The President can be impeached, removed from office and tried in a civil court for treason, bribery, or other high crimes or misdemeanours
. In this, the President is legally as responsible as other American State governors, whereas the English monarch has no constitutional tribunal to which he is amenable
.
The President can return a bill passed by both Houses of Congress for reconsideration. Hamilton admits that the power of the British monarch to annul laws passed by the British parliament has not been employed for a considerable time
, and the abuse of that power could cause agitation if it was to be used. Nevertheless, the power exists. (As an aside, here in Australia the powers of the Governor-General were long thought to be primarily ceremonial. The Governor-General is the representative of the British crown in Australia, since Australia is still a Commonwealth country. Yet in 1975, the Governor-General, Sir John Kerr, sacked the Prime Minister of Australia (effectively using the power of the Crown) and handed control of government to the opposition under Malcolm Fraser, who was to become the next Prime Minister.
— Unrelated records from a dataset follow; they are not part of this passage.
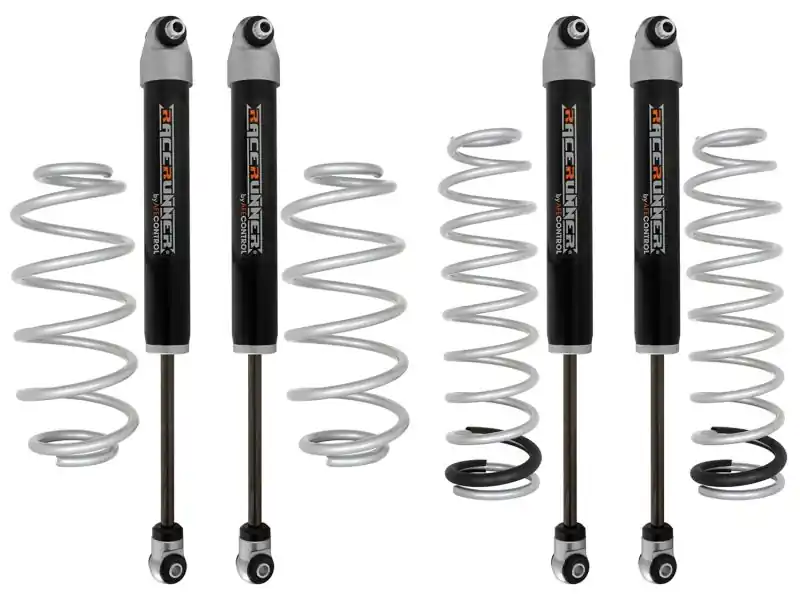 RaceRunner series suspension package offers a 2 IN lift. The RaceRunner shocks are tuned for the perfect balance of on-road comfort and off-road performance with Internal Floating Piston (IFP) design. Matched with RaceRunner leveling coil springs, this kit delivers increased ride clearance, handling and vehicle control and stability on or off-road. RaceRunner front and rear coil springs level the ride height and offer increased ground clearance. RaceRunner springs are precision manufactured from quality materials to maintain durability and longevity. RaceRunner shocks are tuned for the perfect balance For The Perfect Balance Of On-Road Comfort and Off-Road Performance. 2 IN Black Zinc Plated Monotube Shock Bodies To Withstand Rugged Terrain.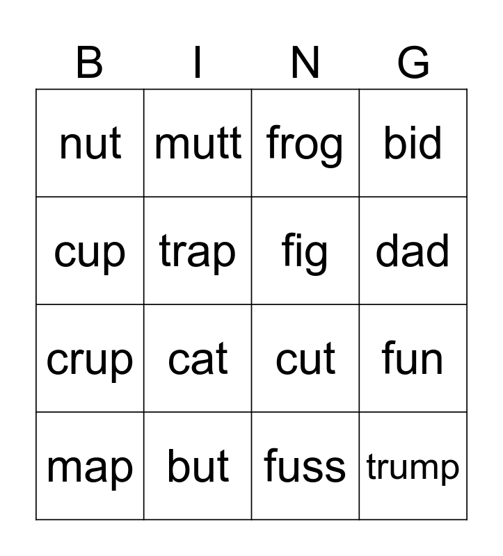 This bingo card has 20 words: fun, fog, frog, dog, map, cup, but, nut, crup, mutt, cat, cut, trap, trump, fig, bob, dad, bid, fuss and hut.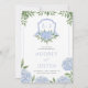 This beautiful design features blue hydrangea blooms and your custom text along with watercolor painted crest with a ribbon and hydrangeas. Use the template form to add your information.
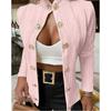 Весна Осень Модная Металлическая Пряжка Украшение Воротник-стойка Длинные Рукава Slim Fit Куртка Женская Одежда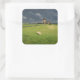 Schafe mit Windmühlen unter dunklen Wolken Quadratischer Aufkleber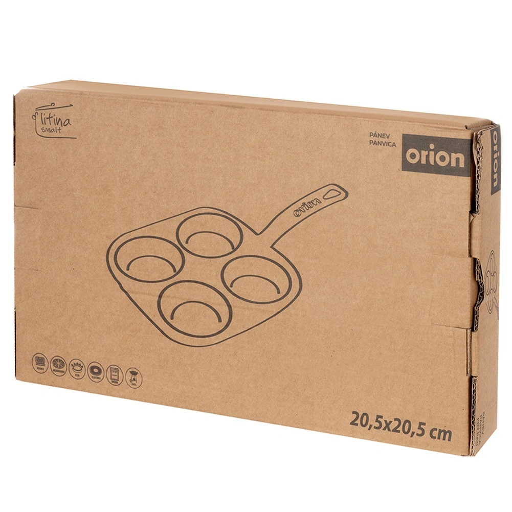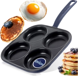Praktische vierkante gietijzeren pan met 4 ronde vormen (Ø 9 cm) voor perfect gevormde eieren of pannenkoekjes. Het geëmailleerde oppervlak maakt bakken en reinigen eenvoudig, terwijl gietijzer de warmte gelijkmatig geleidt en lang vasthoudt. Geschikt voor gas, elektrisch, keramisch, inductie en oven, bestand tegen hoge temperaturen en vaatwasmachinebestendig.

This is not the same thing as rejecting a bill, but it does demonstrate that what are assumed to be ceremonial positions and dormant powers can, in fact, become very real in times of crisis).
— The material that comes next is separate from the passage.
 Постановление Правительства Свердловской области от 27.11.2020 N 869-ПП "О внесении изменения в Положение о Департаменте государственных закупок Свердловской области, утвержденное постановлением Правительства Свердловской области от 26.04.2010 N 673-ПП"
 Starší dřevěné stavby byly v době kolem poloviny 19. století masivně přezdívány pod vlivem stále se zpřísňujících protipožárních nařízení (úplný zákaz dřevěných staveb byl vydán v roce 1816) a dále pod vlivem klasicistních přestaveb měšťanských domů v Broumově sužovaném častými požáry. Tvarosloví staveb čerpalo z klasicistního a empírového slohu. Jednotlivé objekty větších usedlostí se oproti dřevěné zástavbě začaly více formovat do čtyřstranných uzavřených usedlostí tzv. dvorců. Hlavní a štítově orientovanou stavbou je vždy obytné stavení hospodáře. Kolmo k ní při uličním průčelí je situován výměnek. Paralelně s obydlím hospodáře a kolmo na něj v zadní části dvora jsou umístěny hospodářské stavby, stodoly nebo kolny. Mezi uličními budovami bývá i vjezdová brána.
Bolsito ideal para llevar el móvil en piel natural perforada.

The President’s role as Commander-in-chief of the army and the navy is to be limited to its need in times of crisis. The British monarch has the power to declare war and to raise fleets and armies. (This is still technically true. Margaret Thatcher used royal prerogative to go to war with Argentina in 1982 without consulting Parliament. In America, these powers are conferred to the legislature. This makes the British Monarch’s power more overreaching than the American President’s, in theory. Hamilton points out that the Governors of several States have more extensive powers in relation to State militia than that of the President over the Union forces.
The President’s power to pardon does not include the power to pardon those impeached by Congress, whereas the New York Governor could do so in that State. Hamilton argues that the greater threat therefore lies within States that give their governors the power to pardon those who have been impeached. He uses the hypothetical situation of government ministers, perhaps even the Governor himself, who plans treason but gets caught prior to the act being committed. In this instance, the Governor could pardon himself and his accomplices from impeachment, whereas the President could not protect himself or members of his government who engage in an illegal conspiracy and are subsequently impeached.
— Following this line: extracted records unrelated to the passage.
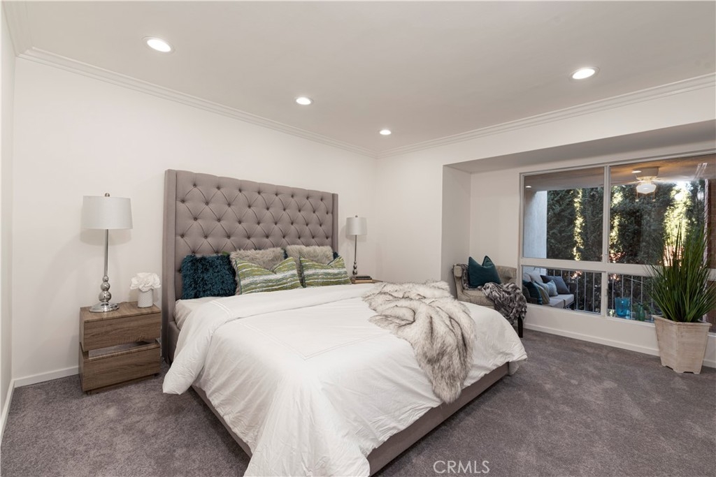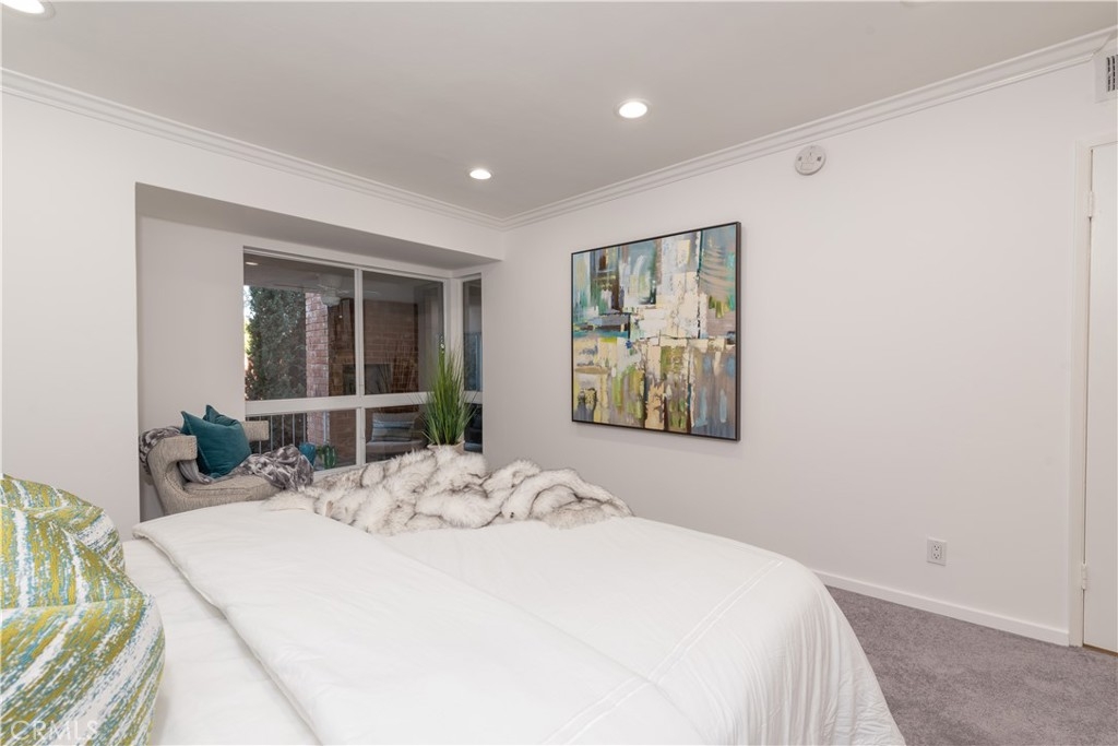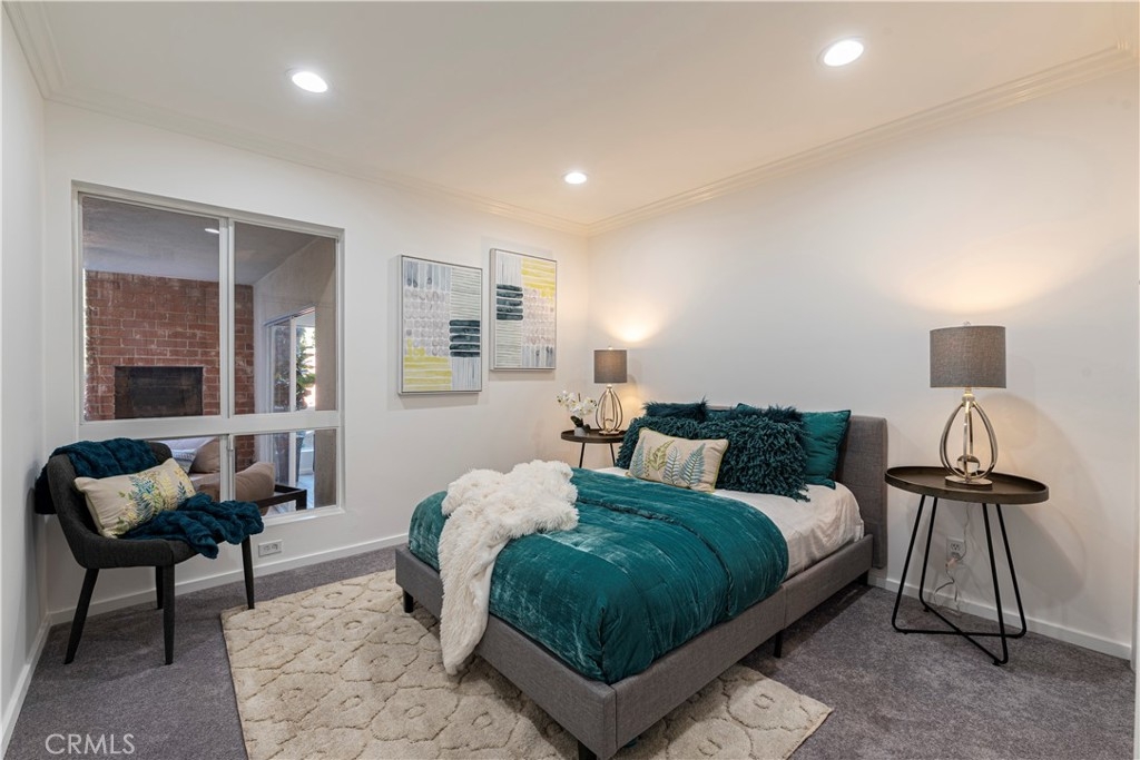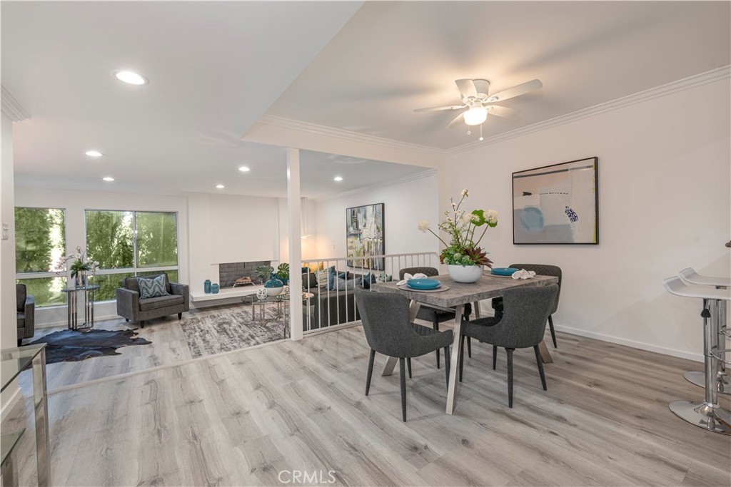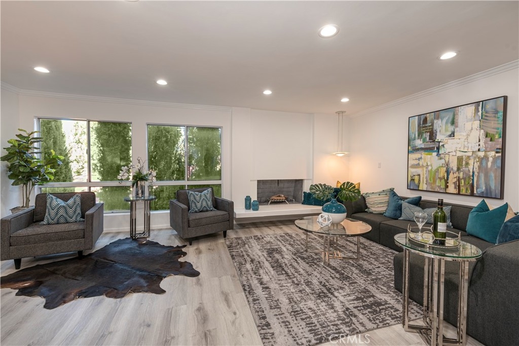 Fantastic opportunity to own a great recently remodeled unit in the heart of Encino close to the shops and restaurants along Ventura Blvd! Located in the the desirable Hesby Oaks elementary school district, the spacious unit is enhanced by newly installed wood-like flooring, crown moldings, an open concept floorplan, and tons of style. Common rooms include a large living room with raised hearth fireplace, dining area with breakfast bar that flows into the kitchen which features granite counter tops, a good-sized pantry, ample cabinet space, and appliances that include a slide in range, microwave & dishwasher. Sliding glass doors off the living room lead to an amazing oversized private patio with built-in brick barbecue. The expansive master suite has a walk-in closet, bath with granite counter tops and dual sinks. There is also a generously sized secondary bedroom and a guest bath with granite counters. The unit has been recently repainted with newly installed wood-like floors & carpet in both bedrooms, and per the seller, a new HVAC unit in 2021. The contemporary security building has complex amenities that include a spacious lobby with a Zen sand garden, a boxing room, onsite laundry and side by side assigned parking and parking spaces for guests.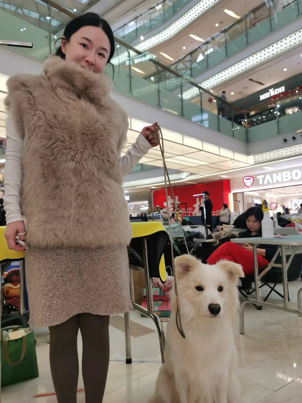 当天霍思燕穿了一件白色打底衫、浅棕色的皮草马甲,看着非常富态。她把西施犬抱在怀里,脸贴脸很亲密。
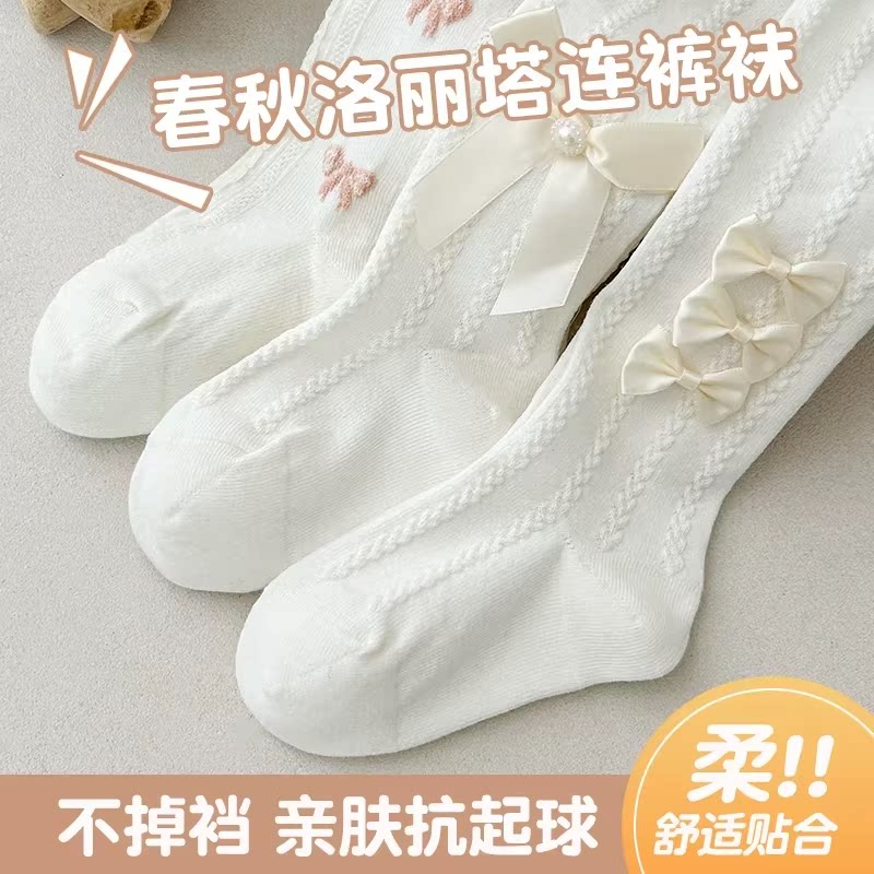 女童连裤袜春秋纯棉薄款洛丽塔配裙子宝宝打底裤儿童中厚外穿韩版

The President has the power to adjourn the legislature only when there is a disagreement as to when this should be done, acting like an umpire in a dispute. Whereas, The British monarch may prorogue or even dissolve the Parliament.
This was done in 2019 when Prime Minister Boris Johnson asked the Queen to suspend Parliament in what turned out to be a political move to stop debate on Brexit. The judiciary overturned the Queen’s decision, however, and Parliament was resumed. Nevertheless, it was a demonstration of the power Hamilton discusses, and illustrates the difference between the British monarch’s powers and that of the American President.
The President makes treaties with the advice and consent of the Senate
, whereas The king of Great Britain is the sole and absolute representative of the nation in all foreign transactions.
This is still true. In 1972 the Queen’s powers were used to join Great Britain with the European Union without consulting Parliament until after it had been achieved. However, the monarch’s powers are now normally exercised through the government of the day. Nevertheless, Hamilton’s point is that the monarch of Britain, especially at the end of the 18th century, could act alone in these matters, while the American President must achieve the concurrence of the legislature.
The President, like the English monarch, can receive ambassadors and other ministers, but Hamilton points out that this a largely ceremonial role and a matter of convenience, since it is easier for the President to receive foreign dignitaries than the legislature.
The President can nominate ambassadors and other public ministers, but his decision must receive the consent of the Senate. The British monarch, however, can not only fill positions, but create new ones. Hamilton further illustrates his point with the Governor of New York. He can not only nominate a candidate for a position, but can also cast a vote in the legislative assembly. Therefore, if the decision over the appointment is divided in the legislature, the Governor can cast his vote to break the deadlock and make the appointment, thereby giving him greater powers within the State than the American President has within the Union.
. . . .
The conclusion that Hamilton draws from these various examples is that the President’s power is in no way like that of the British monarch’s, and he would be pressed to say whether the power of the New York Governor was more or less in his own State than the President’s within the Union.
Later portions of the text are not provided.